Sunday, November 4, 2012

Control: the Grand Illusion

I’ts VERY hard for me to ask for help. I’ve never been good at it. But there’s nothing quite like a stroke to knock you right down to diapers, lying around waiting for people to do stuff for you. At least since I had my first kid at age 21, I’ve always been a nurturer, a caretaker. But then I read this quote from Ram Dass, the 1960’s guru, who had a stroke in 1997 and has almost no use of his right side:

“I had gotten power from helping people, and now I need help for everything. That was the grace. The stroke happened to the ego, and when I could witness the pain, my life got better.”

Ouch. Painful, but probably true. Maybe all that nurturing wasn’t entirely altruistic. Maybe it was also about feeling in control—feeling I had some power. And those of us who are less than enlightened tend to define ourselves by what we do: I am the woman who was always in control, who knew who she was, who took care of others, who sang, who knitted, who danced, etc. But I’m having to come around to the idea that since I’m still here and NOT doing any of those things right now, “me” must be something else. Maybe my self-definition was wrong. Ram Dass calls it a "fierce grace." I get it.
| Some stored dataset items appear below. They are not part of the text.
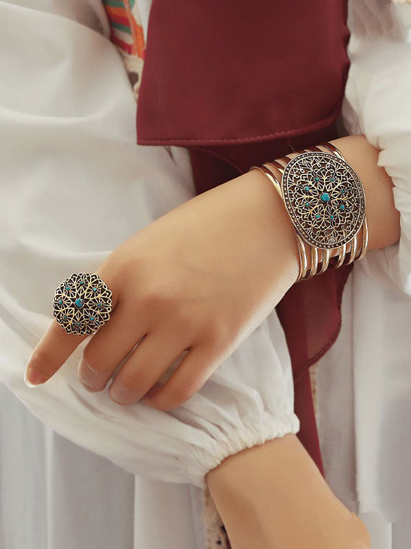 طقم عهد بحجر المرجان الأحمر – مطلي بماء الذهب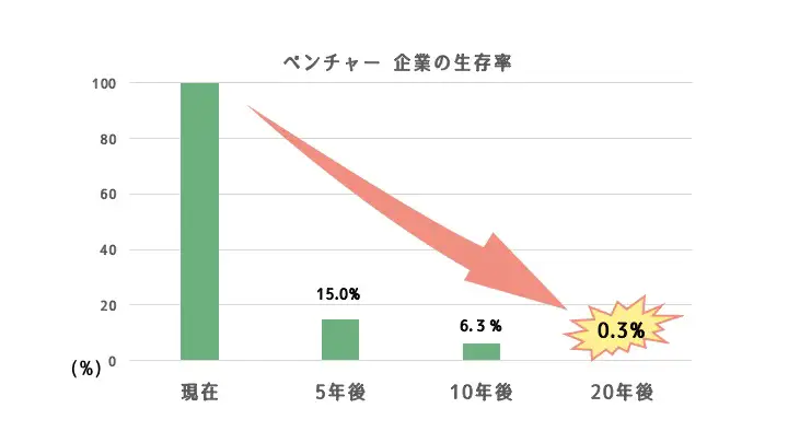 日本企業が設立から10年後に生存している確率がどのくらいか、ご存知でしょうか?中小企業庁が公表しているデータによると、企業の10年後生存率は6.3%、20年後はたった0.3%です。
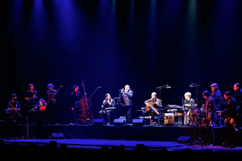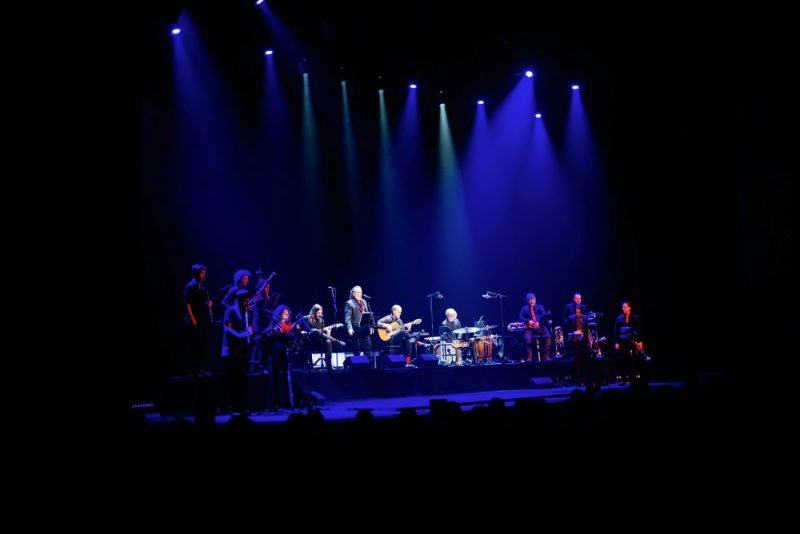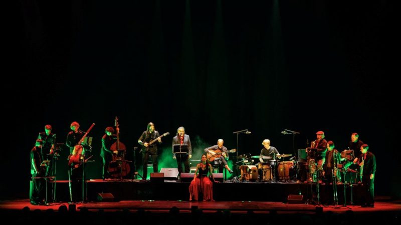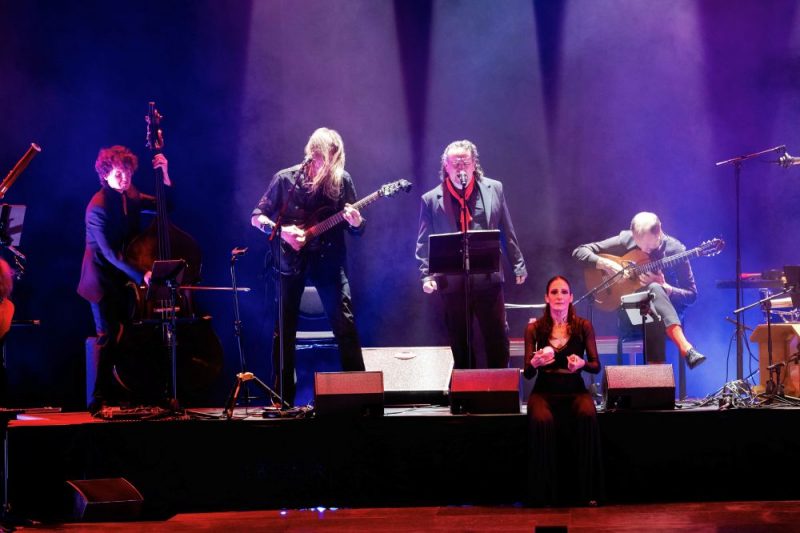 Midden in de voorstelling volgt dan Prometeo: The Rise Of Man, deel twee van de compositie van Florian, die het werk leven inblaast met hese gitaaraanslagen. De dame in het wit is inmiddels de dame in zwart en rood geworden en zo geeft ook de verbeelding invulling aan het verhaal dat – naar het lijkt – mogelijk niet helemaal de goede kant op gaat. In de “program note’ verduidelijkt Florian: Caught in between an unreachable heaven reserved for the gods above, and an infernal chasm of hell and inescapable destruction below, we humans are condemned to be the involuntary link between those two extremes. De muziek gaat intussen wel de goede (want duisterder) kant op want na donkere jazz eindigen we met een heftiger grunt en een messcherpe staande stop. Wat hier gebeurt, heeft toch wel een totaal andere invalshoek dan de “televised” versie van het genre die we nog wel eens voorbij zien komen, ook al door de stevige inzet van de blazers. De emotievolle zang van David Lagos trekt de boel dan steeds weer terug naar de volkstraditie.
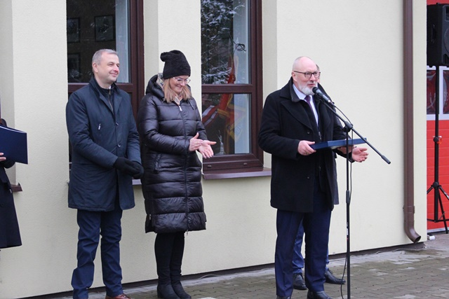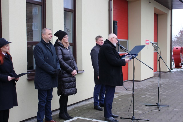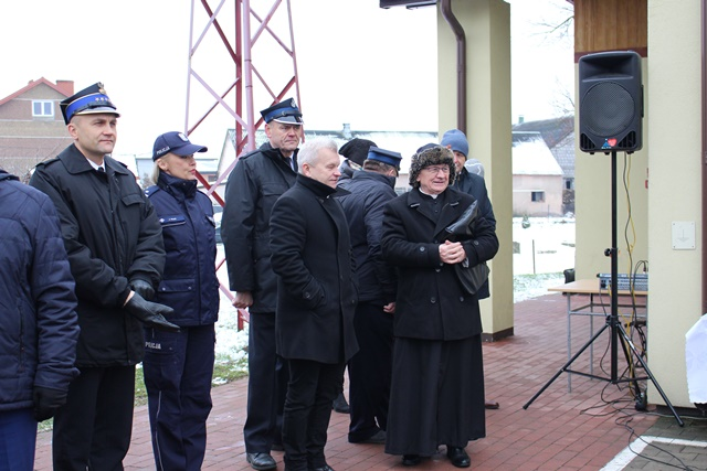 o pozyskanym wozie strażackim. Następnie Burmistrz Rajgrodu Ireneusz Gliniecki powitał zaproszonych gości, po czym nastąpiło poświęcenie samochodu pożarniczego. Poświęcenia dokonał Ks. Dziekan Hieronim Mojżuk Proboszcz parafii pw. Narodzenia NMP w Rajgrodzie.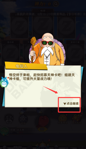 1、点击右下角点击继续按钮,查看天神卡招募活动。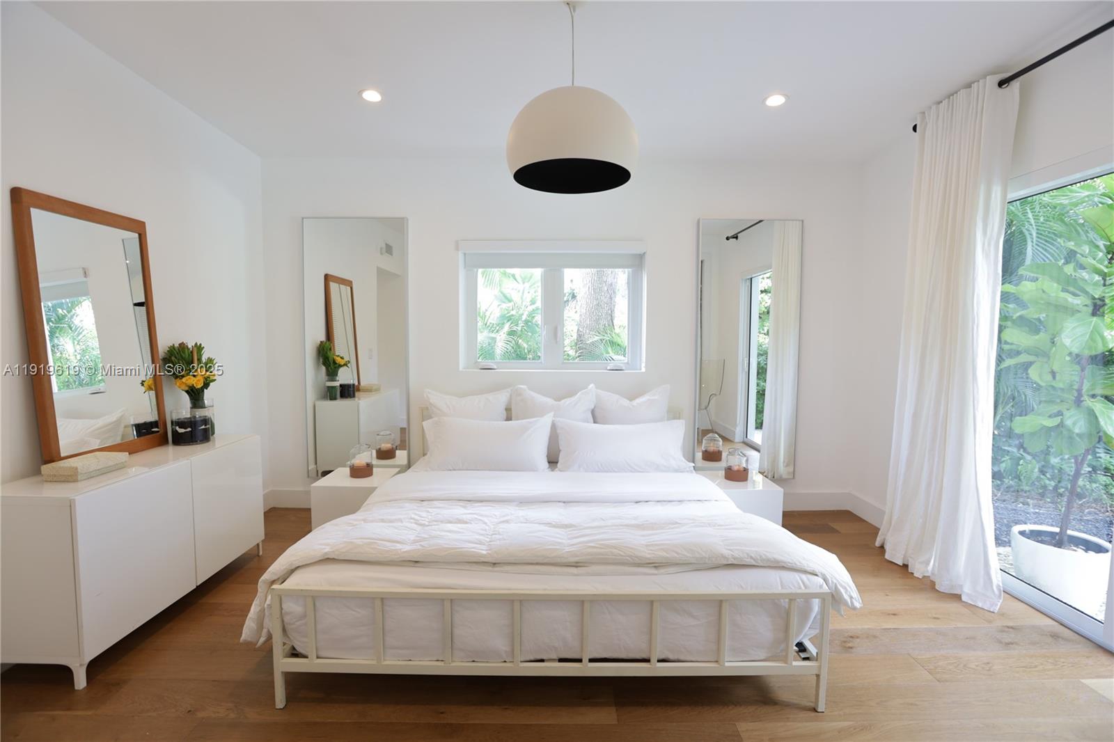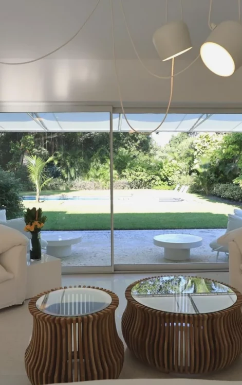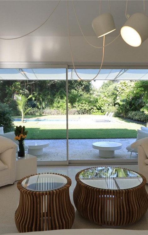 Exquisitely fully furnished modern living space with high ceilings and open airy spaces. White throughout, including large cool terrazzo tiles in the living area and wide-planked Siberian white wood in the bedrooms. High impact windows and doors and custom closets. Immaculately maintained high-end kitchen including marble counters and top of the line appliances. Large lush private canopied/tropical backyard with mature trees and nearly 1/2 acre fenced property with saltwater heated pool.
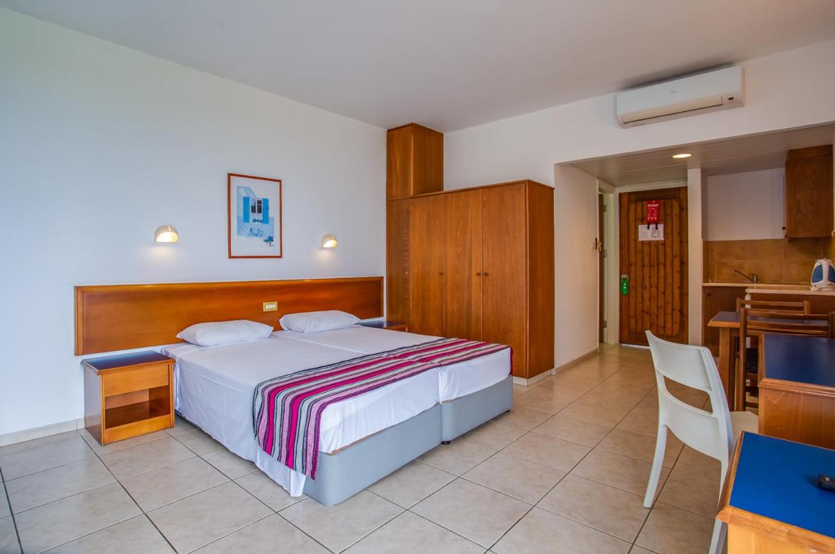 Eleni Holiday Village’s Garden View Studio rooms offer comfortable, spacious accommodation with modern amenities, overlooking lush gardens and a tranquil setting.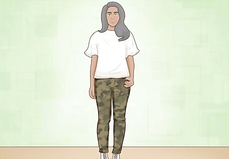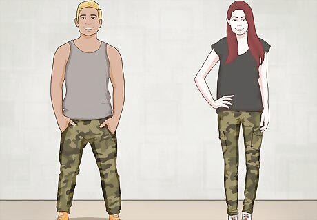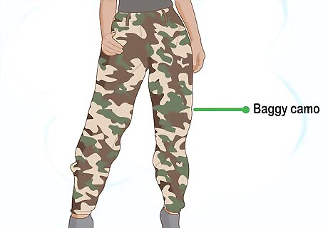 Get baggy camo pants for a relaxed statement piece. Camo pants are known for their loud prints, making them great statement pieces. Baggy-style pants work great as a statement because of their relaxed, casual appearance. Purchase these if you want to rock a military style as your statement. You can purchase these from retail stores or military supply stores. Go with either tailored leg, jogger style pants or straight-legged baggy styles.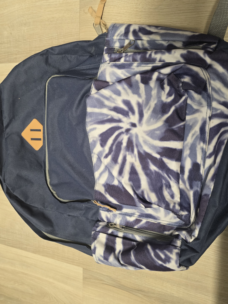 This blue backpack features a cool tie-dye pattern on the front pocket. It's perfect for school, travel, or everyday use. It has adjustable straps for a comfortable fit and plenty of room for your belongings. Get ready to carry your stuff in style!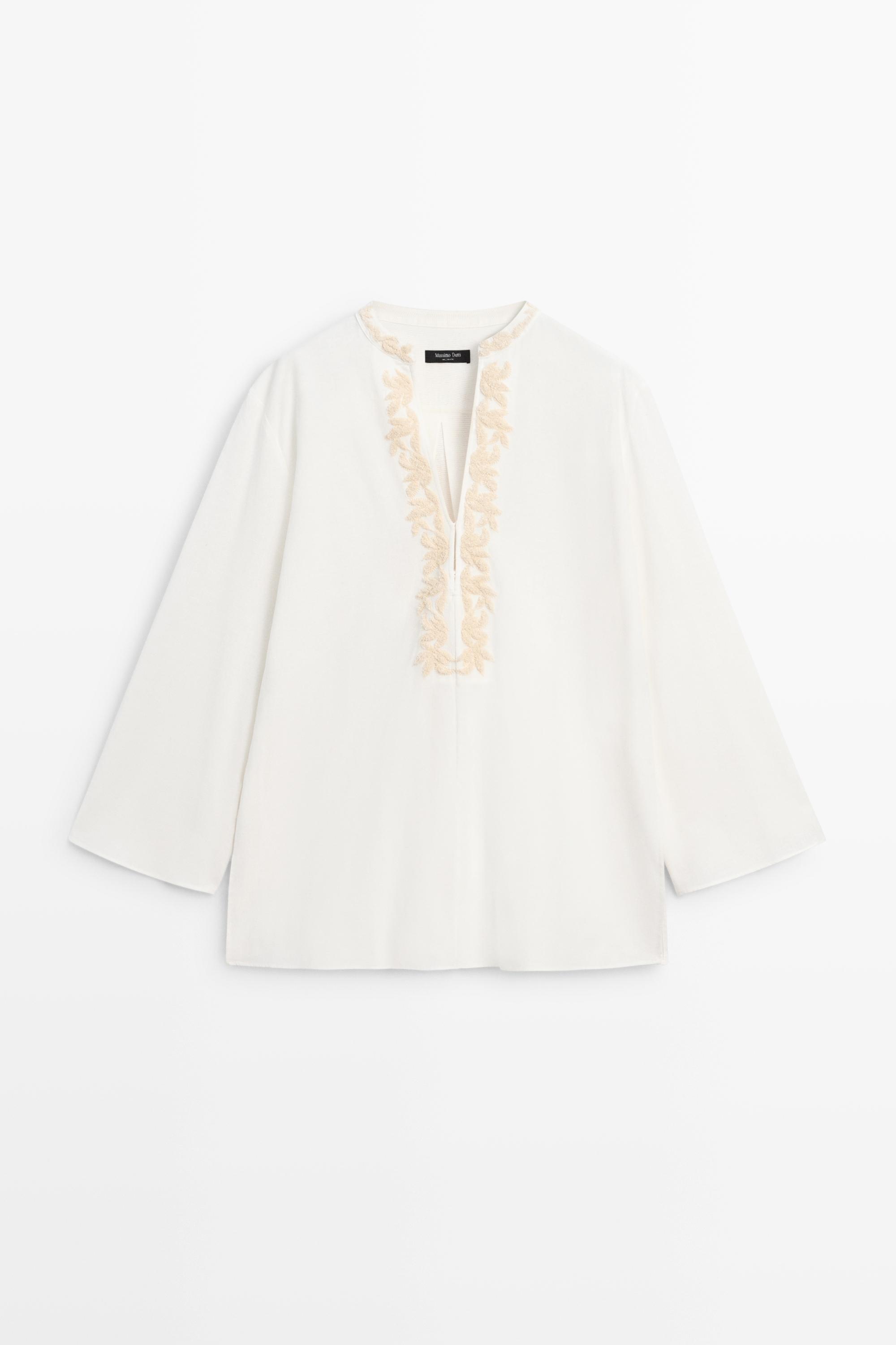 Massimo Dutti блузка с воротником-стойкой, натуральный/кремовый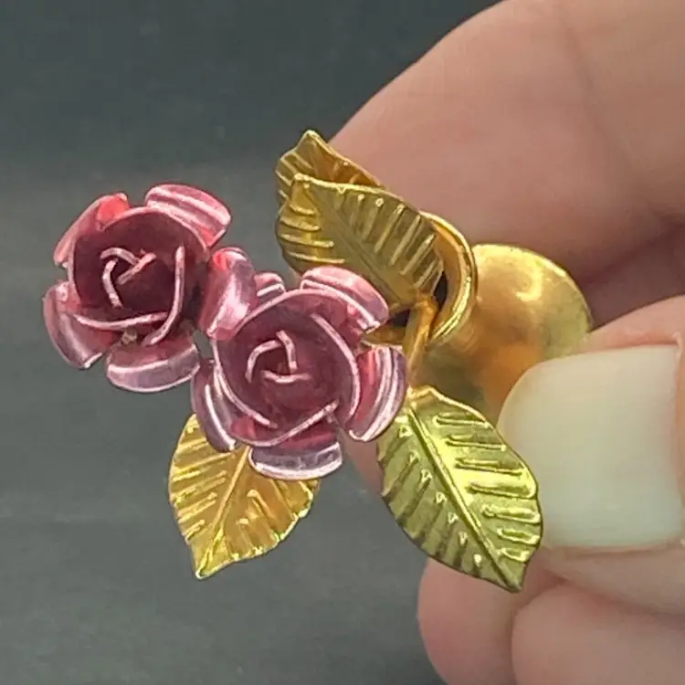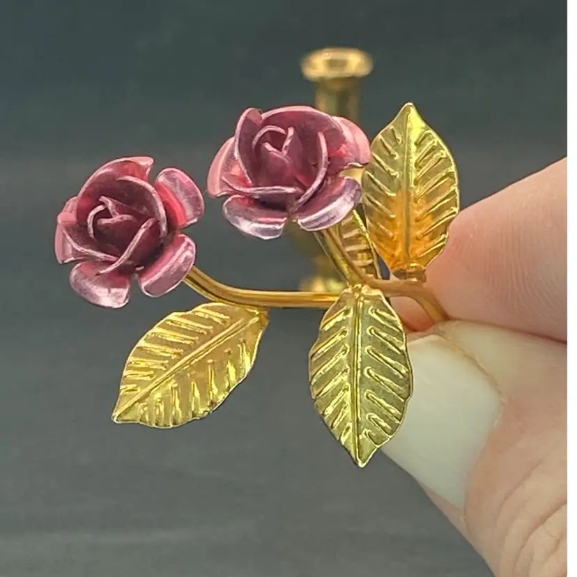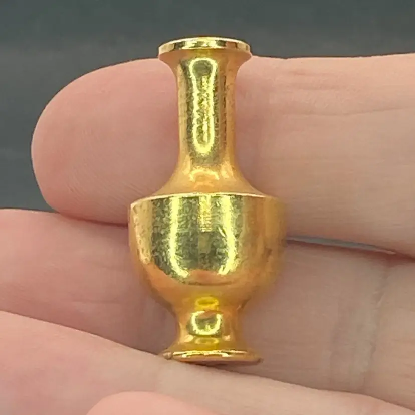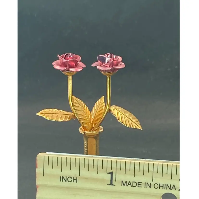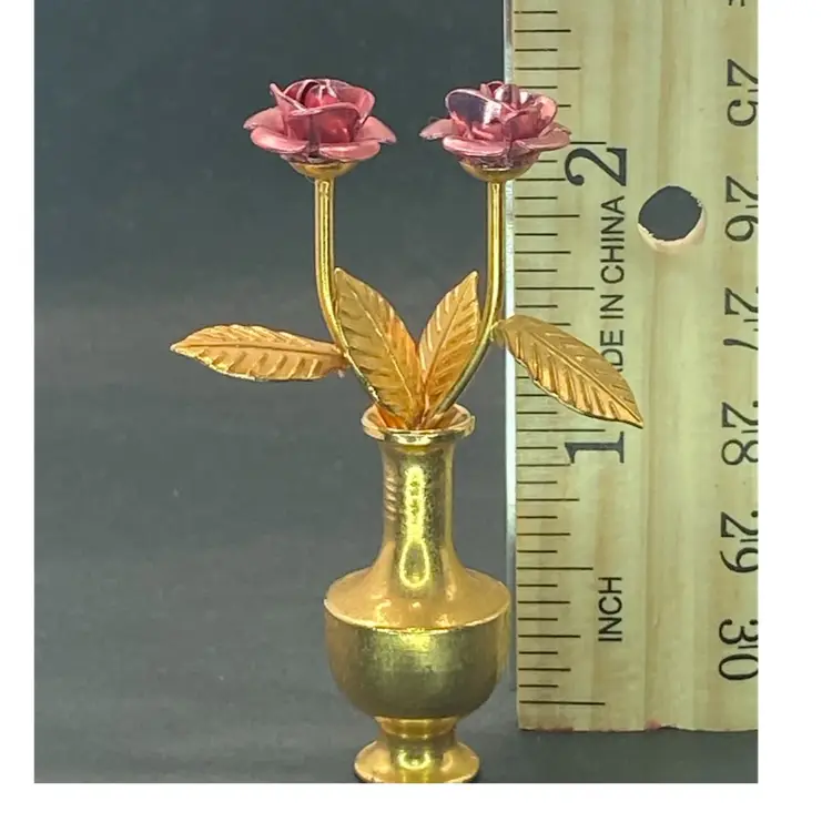 This is the sweetest arrangement ever. There are two metal roses with moldable petals, and a brass vase. This little vase has a wee bit of weight and good quality. Marketed as dollhouse decor, it makes a lovely mini addition to any collection.

But clearly, the Universe didn’t believe I was getting it. So last Thursday, I ended up back in the hospital, this time in our Little Town hospital. I went in for a follow-up GP visit after BS, and my BP was so high that they took me straight to the ER and loaded me up on IV BP meds. Let me tell you—the ER is NOT a place to go to relax and lower your BP. They scared the bejeezus out of me. They didn’t say it, but I could tell by what they were doing that they thought either another stroke or a heart attack was imminent. Thank heaven my body was just toying with them. And with me.

Three days later, I’m home again with a new cocktail of meds. The good news is that my left side is getting stronger, I’m getting some fine motor movement back in my hand, and the new meds make me just relaxed enough to take the edge off the panic attacks that can sometimes plague me when I start obsessing over BS and my brain’s betrayal or my own mortality.

Ray and my mom continue to be the best caretakers a person could ask for. Ray always says that when someone asks if they can do something for you, you need to let them—it's your gift to them, really, because they NEED to do something. So I’m learning to let them—my beautiful friends are ignoring my pigheadedness and tendancy to isolate and are coming anyway, bearing flowers, cards, scarves, and soup. Yes, like Ram Dass, I am slowly re-defining myself, learning to trust my body’s amazing ability to heal itself, accepting the fierce grace of this transition in my life, and reluctantly letting go of the “me” that believed it was EVER in control of ANYTHING.